What We Still Need to Learn

So far, this approach has worked well for internal releases and adoption at OpenAI. Building real products for real users helped anchor our investment in reality and guide us toward long-term maintainability.

What we don’t yet know is how architectural consistency evolves over years in a fully agent-generated system. We are still learning where human judgment adds the most leverage, and how to encode that judgment so it compounds. We also don’t know how this system will evolve as models become more capable over time.

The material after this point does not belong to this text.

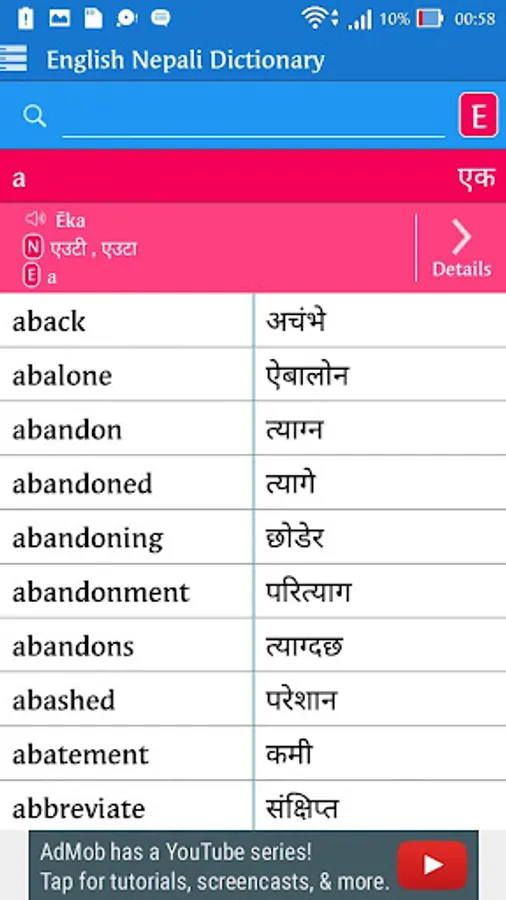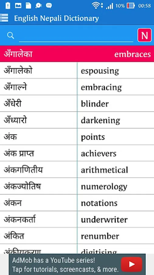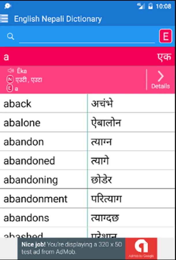 English <> Nepali Bi-directional Dictionary. You can use this offline dictionary as learning tool. Browse words like a real dictionary, search in English and Nepali, Words by category.

What is clear: building software still requires discipline, but that discipline now lives more in scaffolding, outside the code. The tools, abstractions, and feedback loops that keep a codebase coherent are increasingly important.

Our hardest challenges now center on designing environments, feedback loops, and control systems to help agents achieve our goals: building and maintaining complex, reliable software at scale.

As agents like Codex take on a larger share of the software lifecycle, these questions will only become more important. We hope sharing some early lessons helps you think about where to invest your attention so you can focus on building things.